BICGauss#

class pgmpy.structure_score.BICGauss(data, state_names=None)[source]#

Bases: LogLikelihoodGauss

BIC structure score for Gaussian Bayesian networks.

This score penalizes the Gaussian log-likelihood to discourage overfitting. The local score is computed as:

\[\operatorname{BIC}(X_i, \Pi_i) = \ell(X_i, \Pi_i) - \frac{d_i}{2} \log n,\]

where \(\ell(X_i, \Pi_i)\) is the fitted Gaussian log-likelihood, \(d_i = \text{df\_model} + 2\) is the effective parameter count used by the implementation, and \(n\) is the number of rows in self.data.

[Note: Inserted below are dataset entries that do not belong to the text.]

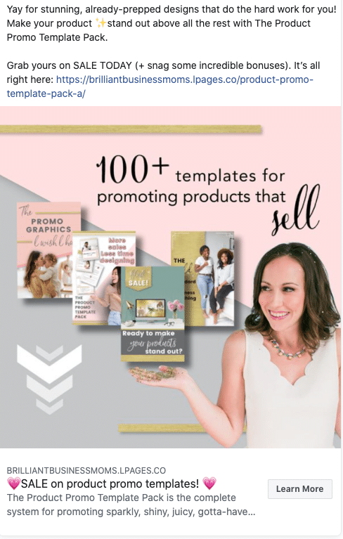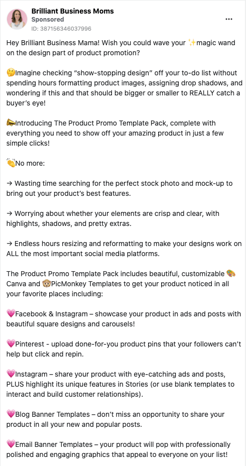 Here is an example of a well copywritten Facebook Ad.
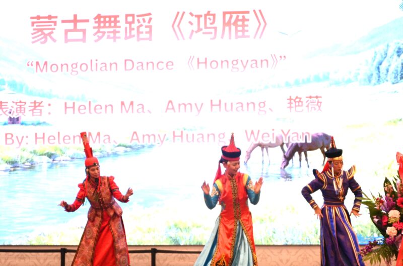 美国内蒙古总商会年会文艺节目多姿多彩,杨紫萍、Louis、大白联袂演唱歌曲《为内蒙古喝彩》由;王嘉歧独唱《祝酒歌》;HelenMa、Amy Huang、艳薇表演蒙古舞蹈《鸿雁》。脑门额尔德尼表演蒙古国著名摇滚乐《The Hu》及中国民族摇滚《杭盖》。朱俊英、Lucy、Andy带来萨克斯串烧《老朋友再见》《同一首歌》;于月华表演独舞《吉祥四季》。Peter Jin演唱《鸿雁》,艾丽带来《莫尼山》,王盛誉演唱《天堂》,潘松林献唱《等待》,王嘉歧再度演绎《西班牙女郎》。蒙古民族服装舞台走秀,展示独特民族文化魅力,场内一片欢声笑语,喜乐融融。
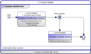 The exchange contract diagram associated with the customer identification exchange contract describes, in BPMN formalism, the operations executed.
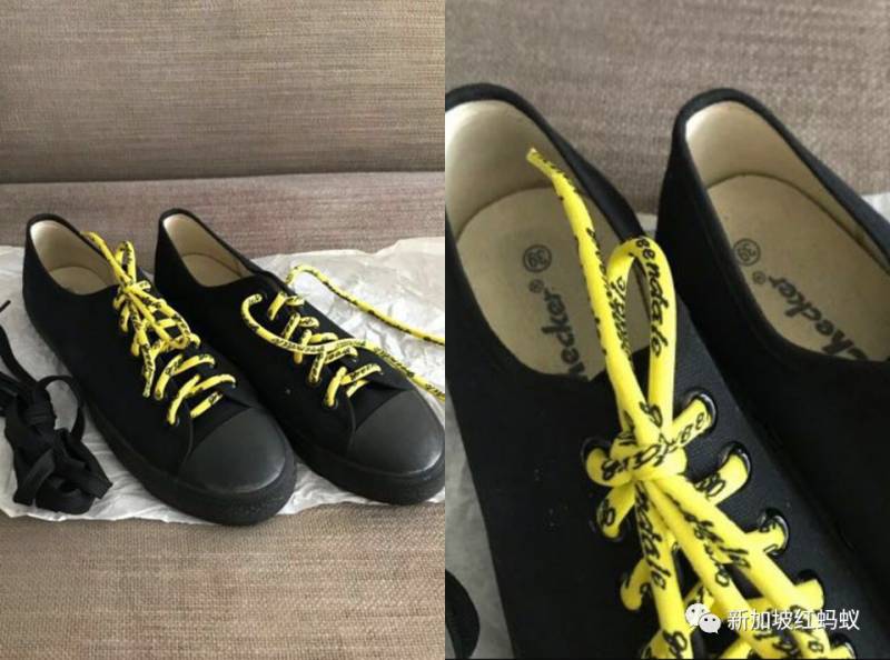 绿苑中学的鞋带是亮黄色的,还以黑色加上校名,让鞋子整体辨识度高,让任何人从远处看到,都能辨识鞋主是该中学的学生。虽然得另外买一双鞋带系上,但红蚂蚁觉得比起单调的黑鞋加黑鞋带,还是不错看啦。
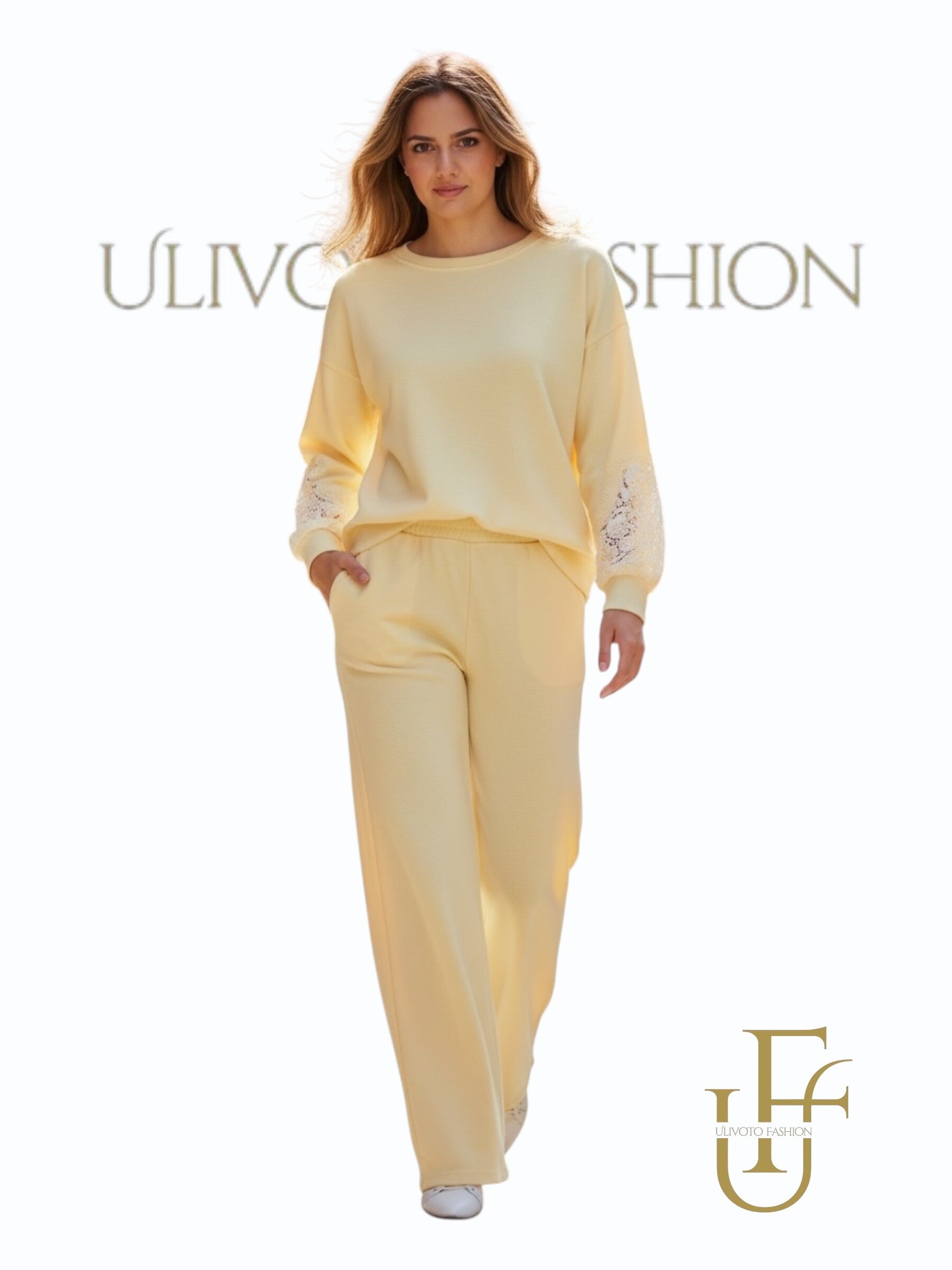 Deze stijlvolle dames set in een zachte gele kleur is de perfecte combinatie van comfort en moderne elegantie. De set bestaat uit een losvallende sweater met subtiele details op de mouwen en een bijpassende broek met een comfortabele pasvorm. Ideaal voor vrouwen die er verzorgd uit willen zien zonder in te leveren op draagcomfort.
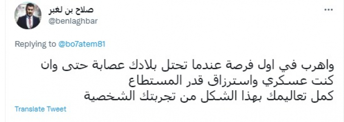 وقال في تغريدة عبر "تويتر" رصدها "المشهد العربي": "واهرب في أول فرصة عندما تحتل بلادك عصابة حتى وأن كنت عسكري واسترزاق قدر المستطاع".
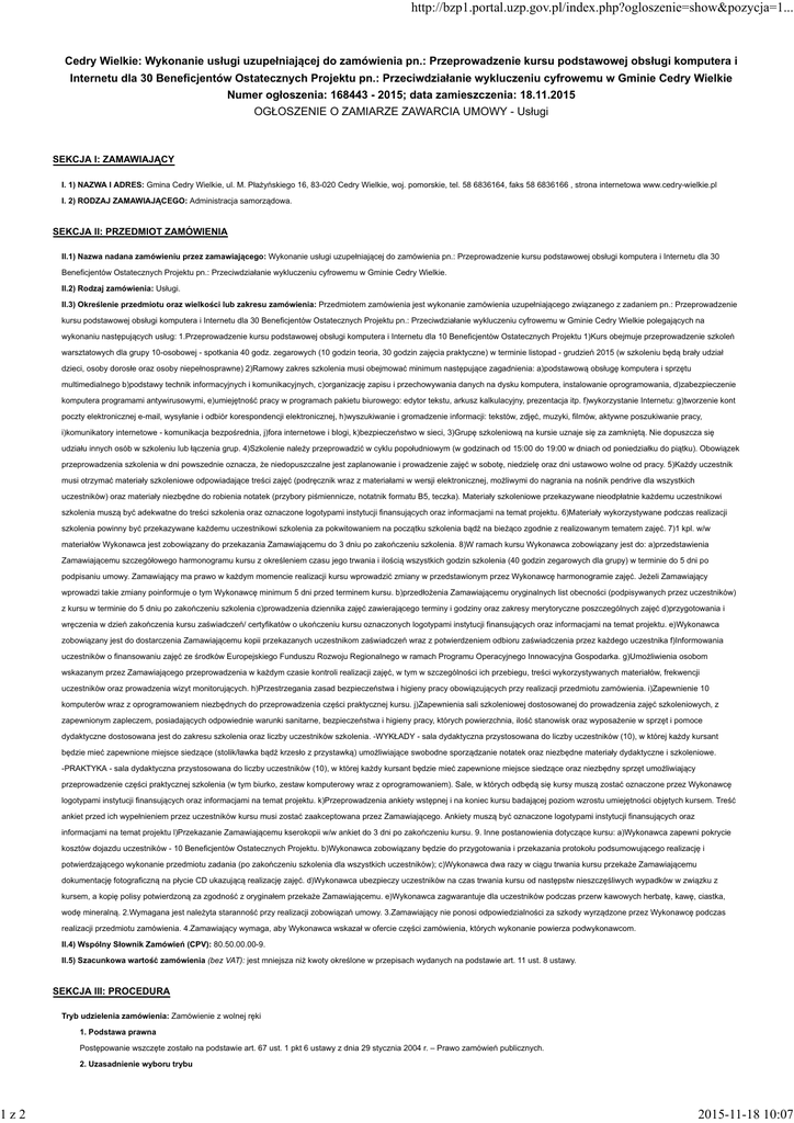 http://bzp1.portal.uzp.gov.pl/index.php?ogloszenie=show&pozycja=1... Cedry Wielkie: Wykonanie usługi uzupełniającej do zamówienia pn.: Przeprowadzenie kursu podstawowej obsługi komputera i Internetu dla 30 Beneficjentów Ostatecznych Projektu pn.: Przeciwdziałanie wykluczeniu cyfrowemu w Gminie Cedry Wielkie Numer ogłoszenia: 168443 - 2015; data zamieszczenia: 18.11.2015 OGŁOSZENIE O ZAMIARZE ZAWARCIA UMOWY - Usługi SEKCJA I: ZAMAWIAJĄCY I. 1) NAZWA I ADRES: Gmina Cedry Wielkie, ul. M. Płażyńskiego 16, 83-020 Cedry Wielkie, woj. pomorskie, tel. 58 6836164, faks 58 6836166 , strona internetowa www.cedry-wielkie.pl I. 2) RODZAJ ZAMAWIAJĄCEGO: Administracja samorządowa. SEKCJA II: PRZEDMIOT ZAMÓWIENIA II.1) Nazwa nadana zamówieniu przez zamawiającego: Wykonanie usługi uzupełniającej do zamówienia pn.: Przeprowadzenie kursu podstawowej obsługi komputera i Internetu dla 30 Beneficjentów Ostatecznych Projektu pn.: Przeciwdziałanie wykluczeniu cyfrowemu w Gminie Cedry Wielkie. II.2) Rodzaj zamówienia: Usługi. II.3) Określenie przedmiotu oraz wielkości lub zakresu zamówienia: Przedmiotem zamówienia jest wykonanie zamówienia uzupełniającego związanego z zadaniem pn.: Przeprowadzenie kursu podstawowej obsługi komputera i Internetu dla 30 Beneficjentów Ostatecznych Projektu pn.: Przeciwdziałanie wykluczeniu cyfrowemu w Gminie Cedry Wielkie polegających na wykonaniu następujących usług: 1.Przeprowadzenie kursu podstawowej obsługi komputera i Internetu dla 10 Beneficjentów Ostatecznych Projektu 1)Kurs obejmuje przeprowadzenie szkoleń warsztatowych dla grupy 10-osobowej - spotkania 40 godz. zegarowych (10 godzin teoria, 30 godzin zajęcia praktyczne) w terminie listopad - grudzień 2015 (w szkoleniu będą brały udział dzieci, osoby dorosłe oraz osoby niepełnosprawne) 2)Ramowy zakres szkolenia musi obejmować minimum następujące zagadnienia: a)podstawową obsługę komputera i sprzętu multimedialnego b)podstawy technik informacyjnych i komunikacyjnych, c)organizację zapisu i przechowywania danych na dysku komputera, instalowanie oprogramowania, d)zabezpieczenie komputera programami antywirusowymi, e)umiejętność pracy w programach pakietu biurowego: edytor tekstu, arkusz kalkulacyjny, prezentacja itp. f)wykorzystanie Internetu: g)tworzenie kont poczty elektronicznej e-mail, wysyłanie i odbiór korespondencji elektronicznej, h)wyszukiwanie i gromadzenie informacji: tekstów, zdjęć, muzyki, filmów, aktywne poszukiwanie pracy, i)komunikatory internetowe - komunikacja bezpośrednia, j)fora internetowe i blogi, k)bezpieczeństwo w sieci, 3)Grupę szkoleniową na kursie uznaje się za zamkniętą. Nie dopuszcza się udziału innych osób w szkoleniu lub łączenia grup. 4)Szkolenie należy przeprowadzić w cyklu popołudniowym (w godzinach od 15:00 do 19:00 w dniach od poniedziałku do piątku). Obowiązek przeprowadzenia szkolenia w dni powszednie oznacza, że niedopuszczalne jest zaplanowanie i prowadzenie zajęć w sobotę, niedzielę oraz dni ustawowo wolne od pracy. 5)Każdy uczestnik musi otrzymać materiały szkoleniowe odpowiadające treści zajęć (podręcznik wraz z materiałami w wersji elektronicznej, możliwymi do nagrania na nośnik pendrive dla wszystkich uczestników) oraz materiały niezbędne do robienia notatek (przybory piśmiennicze, notatnik formatu B5, teczka). Materiały szkoleniowe przekazywane nieodpłatnie każdemu uczestnikowi szkolenia muszą być adekwatne do treści szkolenia oraz oznaczone logotypami instytucji finansujących oraz informacjami na temat projektu. 6)Materiały wykorzystywane podczas realizacji szkolenia powinny być przekazywane każdemu uczestnikowi szkolenia za pokwitowaniem na początku szkolenia bądź na bieżąco zgodnie z realizowanym tematem zajęć. 7)1 kpl. w/w materiałów Wykonawca jest zobowiązany do przekazania Zamawiającemu do 3 dniu po zakończeniu szkolenia. 8)W ramach kursu Wykonawca zobowiązany jest do: a)przedstawienia Zamawiającemu szczegółowego harmonogramu kursu z określeniem czasu jego trwania i ilością wszystkich godzin szkolenia (40 godzin zegarowych dla grupy) w terminie do 5 dni po podpisaniu umowy. Zamawiający ma prawo w każdym momencie realizacji kursu wprowadzić zmiany w przedstawionym przez Wykonawcę harmonogramie zajęć. Jeżeli Zamawiający wprowadzi takie zmiany poinformuje o tym Wykonawcę minimum 5 dni przed terminem kursu. b)przedłożenia Zamawiającemu oryginalnych list obecności (podpisywanych przez uczestników) z kursu w terminie do 5 dniu po zakończeniu szkolenia c)prowadzenia dziennika zajęć zawierającego terminy i godziny oraz zakresy merytoryczne poszczególnych zajęć d)przygotowania i wręczenia w dzień zakończenia kursu zaświadczeń/ certyfikatów o ukończeniu kursu oznaczonych logotypami instytucji finansujących oraz informacjami na temat projektu. e)Wykonawca zobowiązany jest do dostarczenia Zamawiającemu kopii przekazanych uczestnikom zaświadczeń wraz z potwierdzeniem odbioru zaświadczenia przez każdego uczestnika f)Informowania uczestników o finansowaniu zajęć ze środków Europejskiego Funduszu Rozwoju Regionalnego w ramach Programu Operacyjnego Innowacyjna Gospodarka. g)Umożliwienia osobom wskazanym przez Zamawiającego przeprowadzenia w każdym czasie kontroli realizacji zajęć, w tym w szczególności ich przebiegu, treści wykorzystywanych materiałów, frekwencji uczestników oraz prowadzenia wizyt monitorujących. h)Przestrzegania zasad bezpieczeństwa i higieny pracy obowiązujących przy realizacji przedmiotu zamówienia. i)Zapewnienie 10 komputerów wraz z oprogramowaniem niezbędnych do przeprowadzenia części praktycznej kursu. j)Zapewnienia sali szkoleniowej dostosowanej do prowadzenia zajęć szkoleniowych, z zapewnionym zapleczem, posiadających odpowiednie warunki sanitarne, bezpieczeństwa i higieny pracy, których powierzchnia, ilość stanowisk oraz wyposażenie w sprzęt i pomoce dydaktyczne d

Here df_model is the statsmodels degree-of-freedom count for the fitted regressors and excludes the intercept. The additional + 2 accounts for one intercept parameter and one Gaussian variance parameter.

Parameters:
datapandas.DataFrame

DataFrame where each column represents a continuous variable.

state_namesdict, optional

Accepted for API consistency but not typically used for Gaussian networks.

Raises:
ValueError

If the model cannot be fitted because the data contains incompatible or non-numeric variables.

Examples

>>> import numpy as np
>>> import pandas as pd
>>> from pgmpy.structure_score import BICGauss
>>> rng = np.random.default_rng(0)
>>> data = pd.DataFrame(
...     {
...         "A": rng.normal(size=100),
...         "B": rng.normal(size=100),
...         "C": rng.normal(size=100),
...     }
... )
>>> score = BICGauss(data)
>>> round(score.local_score("B", ("A", "C")), 3)
np.float64(-146.37)